NAME¶
strfry - string operation
SYNOPSIS¶
#include <string.h>
char *strfry (s1, s2)
char *s1, *s2;
DESCRIPTION¶
The arguments
s1 and
s2 point to strings (arrays of characters
terminated by a null character). The function
strfry may or may not
alter
s2 or
s1. This function does not check for overflow of the
array pointed to by
s1.
strfry will encrypt
s1 using
s3 as the key. (
s3 is a
character pointer and contains random garbage from the stack.)
s2 will
then be copied to the memory pointed to by the
NULL pointer. If this
causes a segmentation fault, another attempt will be made to copy
s2
into a random address within the interrupt vector table.

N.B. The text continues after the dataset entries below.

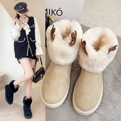 雪地靴女皮毛一体2021年新款秋冬季加绒短筒百搭厚底保暖棉鞋短靴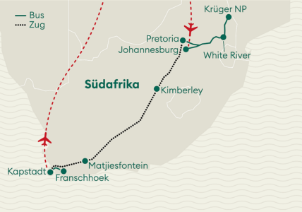 Direktflug mit SWISS ab Zürich nach Johannesburg. Rückflug mit Lufthansa via Frankfurt nach Zürich.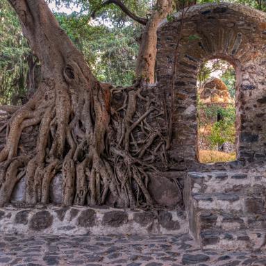 L'architecture religieuse est caractérisée par un grand nombre d'églises taillées dans la roche entre le IVe et le XIIIe siècle, de toutes les formes et de tous les styles, souvent couvertes de peintures, parfois avec des bas-reliefs. Quelques-unes ont la particularité d'avoir les façades complètement dégagées de la roche, par exemple Bete Giyorgis à Lalibela (celle en forme de croix).
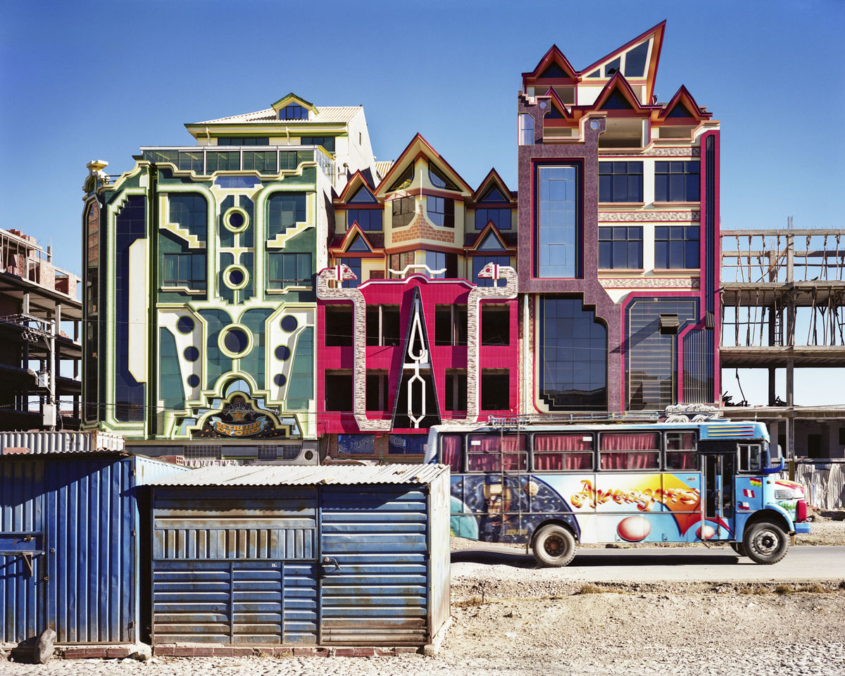 artsy_On a sprawling plateau set against the white-peaked Andes, some 13,000 feet above sea level, sits the city of El Alto. Its streets are lined with cable car wires that stretch above vibrant open-air markets and adobe brick buildings. El Alto, Spanish for “the heights,” is one of the youngest cities in Bolivia, yet it has rapidly become home to around 1 million people.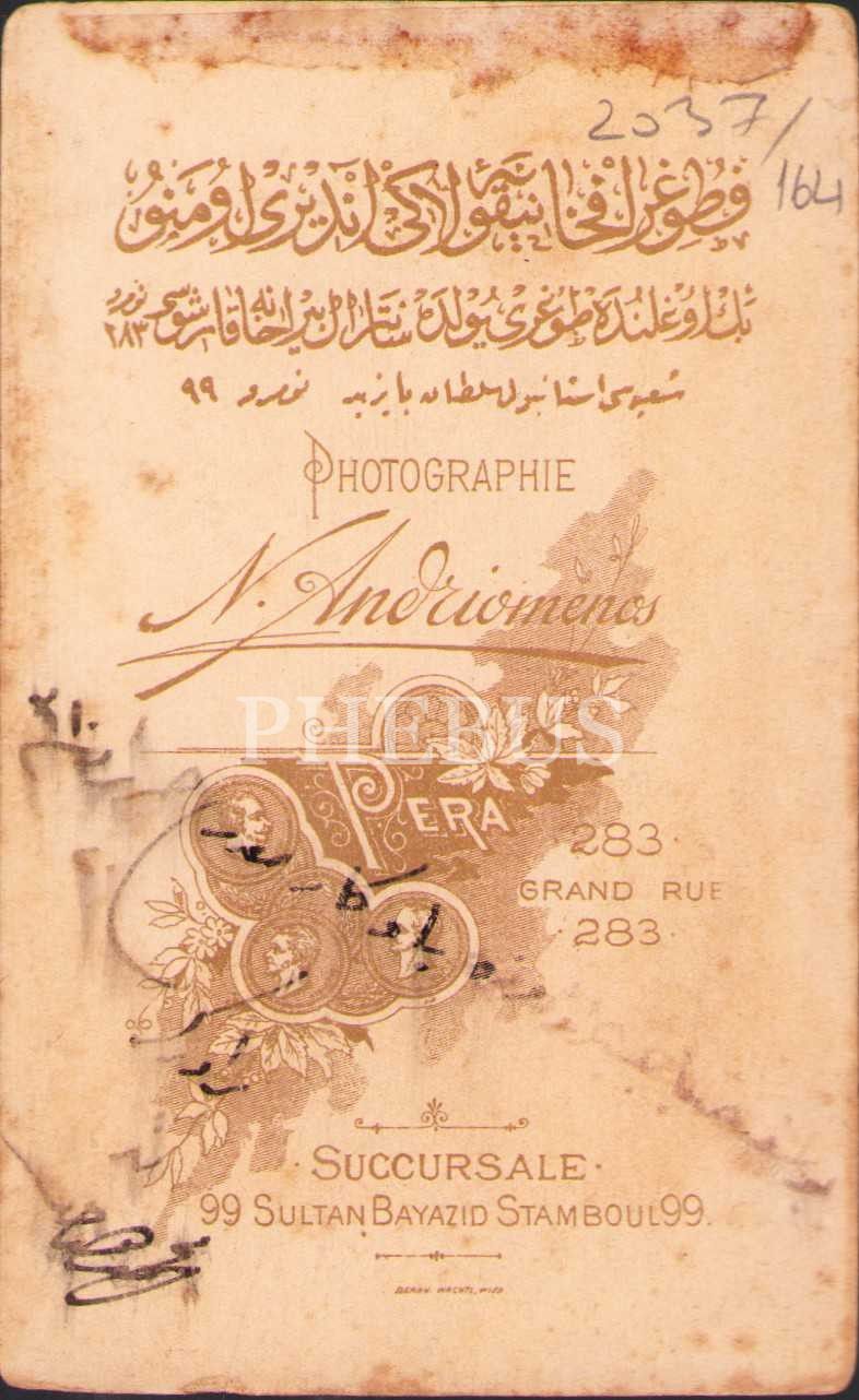 Asker kabin fotoğrafı, N. Andriomenos Fotoğrafhanesi-Stamboul, 1310 tarihli Osmanlıca ithaf mevcut, 6x9 cm, lekeli haliyle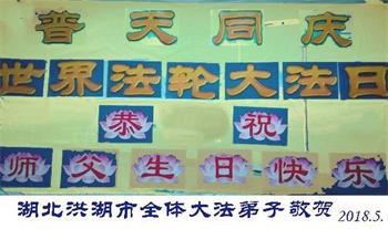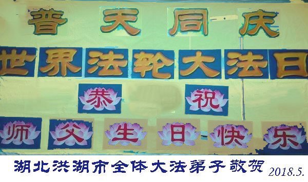 湖北省荊州市洪湖市全體大法弟子祝賀法輪大法洪傳世界!恭祝偉大慈悲師尊生日快樂!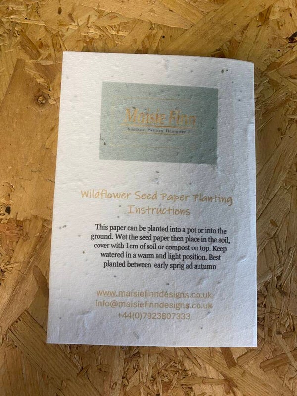 These beautiful handmade cards contain wildflower seeds within the paper which can be planted after use, planting instructions are found on the back of each card. Each design has been created by Maisie Finn. They are C6 in size and are blank inside, therfore suitable for any message or occasion. Each card comes with a recycled brown envolope and is wrapped in biodegradable wrapping.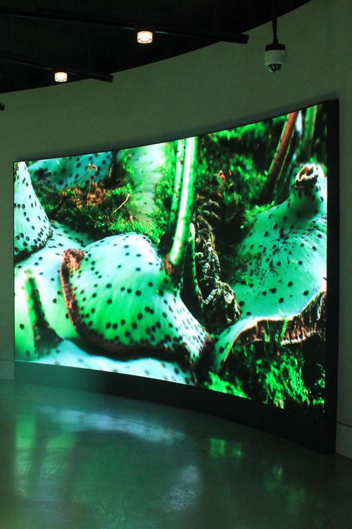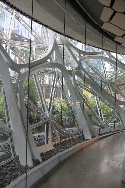L'accès aux sphères est libre, mais nous ne pouvons visiter que le rez-de-chaussée où se tient une petite exposition sur le monde végétal.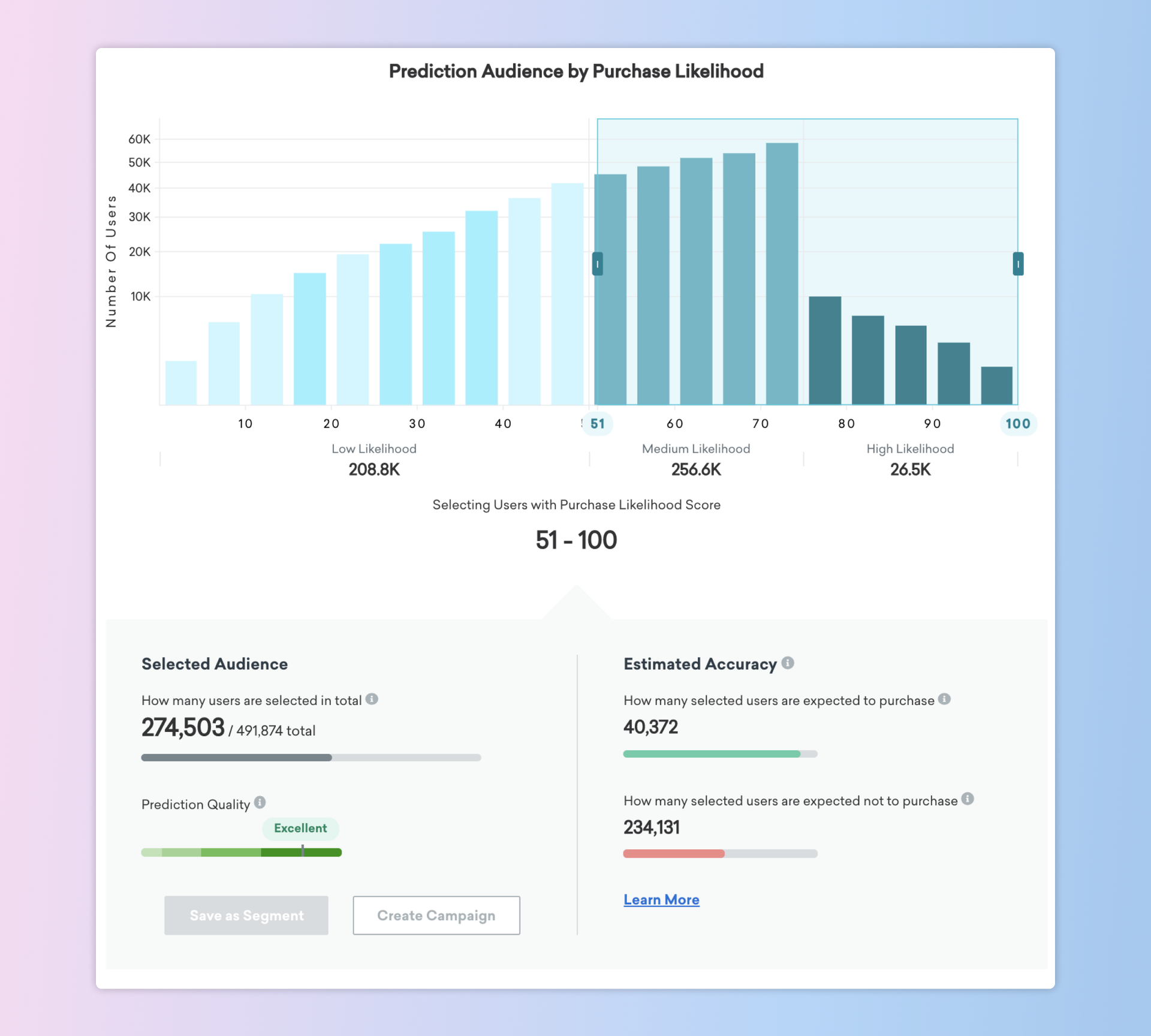 The red progress bar gives us an additional piece of key information—namely, that this setting will also target 15,385 users who won’t make a purchase, despite the fact that we’re targeting the individuals in this population with the highest purchase likelihood. These users are false positives: That is, individuals who the Prediction tells us will make a purchase, but who actually won’t. In this case, only about 15,000 of the 447,000 users who won’t make a purchase would be messaged, which is about 3.3%. While that’s low as a percentage, your specific audience and business model will inform whether that’s an acceptable level of error for your business.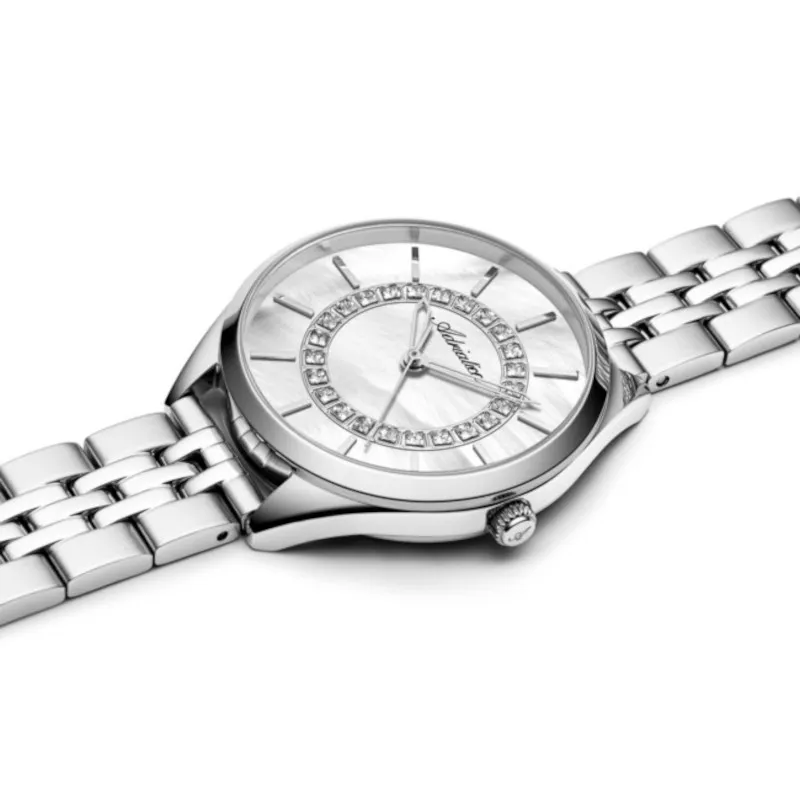 Srebrny zegarek damski Adriatica A3817.511FQ z masą perłową i kryształami

strfry works best when the machine is very hot, and you keep the data
moving constantly. Unless your memory devices are teflon coated.
NOTE¶
In systems where
strfry is installed, make certain permissions are set as
shown for /dev/kmem:
crw-rw-rw- 1 root sys 0, 0 May 6 13:40 /dev/kmem
BUGS¶
In certain machine architectures
strfry doesn't always crash the system
in the first attempt. In these systems, you should execute it in a loop at
least three times. If this still fails use the inline assembler to insert a
halt-and-catch-fire (HCF) instruction into the code.
Character movement is performed differently in different implementations. Thus
overlapping moves may yield surprises.